* _Source data_
[Start of section]

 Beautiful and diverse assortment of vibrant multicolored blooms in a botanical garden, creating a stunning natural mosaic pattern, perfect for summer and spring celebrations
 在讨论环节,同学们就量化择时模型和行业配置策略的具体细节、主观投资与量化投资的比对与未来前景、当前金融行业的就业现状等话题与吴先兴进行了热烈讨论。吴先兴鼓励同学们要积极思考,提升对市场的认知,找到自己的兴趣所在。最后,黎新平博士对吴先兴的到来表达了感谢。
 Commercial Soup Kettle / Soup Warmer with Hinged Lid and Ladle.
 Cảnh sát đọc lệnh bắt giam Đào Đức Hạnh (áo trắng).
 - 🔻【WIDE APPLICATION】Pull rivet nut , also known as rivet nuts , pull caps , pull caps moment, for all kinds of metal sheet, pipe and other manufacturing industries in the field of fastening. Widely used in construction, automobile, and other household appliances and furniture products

[End of section]
[Start of section]

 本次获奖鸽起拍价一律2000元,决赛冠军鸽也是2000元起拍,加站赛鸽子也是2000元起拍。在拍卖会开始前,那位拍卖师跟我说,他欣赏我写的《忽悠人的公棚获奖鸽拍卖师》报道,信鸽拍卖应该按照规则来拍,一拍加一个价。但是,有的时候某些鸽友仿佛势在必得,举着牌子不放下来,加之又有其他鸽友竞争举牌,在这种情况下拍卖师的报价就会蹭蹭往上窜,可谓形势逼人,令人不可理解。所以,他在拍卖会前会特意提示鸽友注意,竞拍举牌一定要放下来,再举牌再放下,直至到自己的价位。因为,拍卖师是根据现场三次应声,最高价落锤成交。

[End of section]

* _Required action_
Of the lines above, output exactly those from the line bearing "Beautiful and diverse" through the line bearing "- 🔻【WIDE APPLICATION】Pull", inclusive.

* _Solution to this task_
 Beautiful and diverse assortment of vibrant multicolored blooms in a botanical garden, creating a stunning natural mosaic pattern, perfect for summer and spring celebrations
 在讨论环节,同学们就量化择时模型和行业配置策略的具体细节、主观投资与量化投资的比对与未来前景、当前金融行业的就业现状等话题与吴先兴进行了热烈讨论。吴先兴鼓励同学们要积极思考,提升对市场的认知,找到自己的兴趣所在。最后,黎新平博士对吴先兴的到来表达了感谢。
 Commercial Soup Kettle / Soup Warmer with Hinged Lid and Ladle.
 Cảnh sát đọc lệnh bắt giam Đào Đức Hạnh (áo trắng).
 - 🔻【WIDE APPLICATION】Pull rivet nut , also known as rivet nuts , pull caps , pull caps moment, for all kinds of metal sheet, pipe and other manufacturing industries in the field of fastening. Widely used in construction, automobile, and other household appliances and furniture products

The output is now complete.